The joint statement, whose signatories include former secretary of state Madeleine Albright and former defense secretary Chuck Hagel, will come a day before the House is expected to vote on a resolution to block Trump’s Feb. 15 declaration.
The former officials’ statement, which will be entered into the Congressional Record, is intended to support lawsuits and other actions challenging the national emergency proclamation and to force the administration to set forth the legal and factual basis for it.
“Under no plausible assessment of the evidence is there a national emergency today that entitles the president to tap into funds appropriated for other purposes to build a wall at the southern border,” the group said.
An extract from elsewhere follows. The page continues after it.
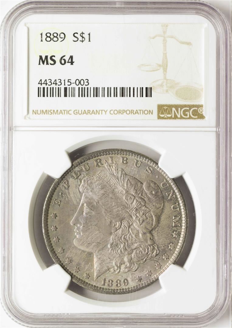 One 1889 $1 Morgan Silver Dollar Coin NGC MS64. NGC Certified.

Albright served under President Bill Clinton, and Hagel, a former Republican senator from Nebraska, served under President Barack Obama.
Also signing were Eliot A. Cohen, State Department counselor under President George W. Bush; Thomas R. Pickering, President George H.W. Bush’s ambassador to the United Nations; John F. Kerry, Obama’s second secretary of state; Susan E. Rice, Obama’s national security adviser; Leon E. Panetta, Obama’s CIA director and defense secretary; as well as former intelligence and security officials who served under Republican and Democratic administrations.
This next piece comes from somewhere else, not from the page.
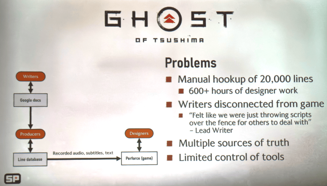 今年的GDC(游戏开发者大会)上,Sucker Punch工作室的工具程序员Roland Munsil,做了一场关于《羊蹄山之魂》编剧管线的分享。

I haven’t yet seen the full statement or list of signatures. But the conclusions are unassailable; indeed, no serious analyst believes we have a “crisis” at the southern border in the sense laid out in the applicable law.
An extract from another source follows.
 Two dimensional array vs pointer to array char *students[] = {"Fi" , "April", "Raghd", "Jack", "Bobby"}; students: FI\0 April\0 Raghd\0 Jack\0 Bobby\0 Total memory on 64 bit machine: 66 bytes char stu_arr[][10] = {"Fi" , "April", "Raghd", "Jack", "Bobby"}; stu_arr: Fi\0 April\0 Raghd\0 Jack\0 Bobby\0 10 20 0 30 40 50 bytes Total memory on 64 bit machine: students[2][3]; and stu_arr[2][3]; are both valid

Of course, Trump enthusiasts simply don’t care: they either want the wall, Congress and the US Constitution be damned, or simply blindly support the President. And no statement by 58 former officials, bipartisan or otherwise, as to “factual basis” will have any effect on them. Most of the names listed thus far are either Democrats or, worse, Republicans who served in Democratic administrations. Even those who served Reagan or the Bushes will be deemed uncredible as “Never Trump” Establishment Swamp-Dwellers who are Part of the Problem.
And, of course, House Democrats are going to vote for the resolution overturning the declaration regardless. The question is whether Senate Republicans will stand up for the Constitution, the rule of law, and their own institutional prerogatives. The answer, of course, is that very few will do so. Which means that, ultimately, this will be resolved in the courts.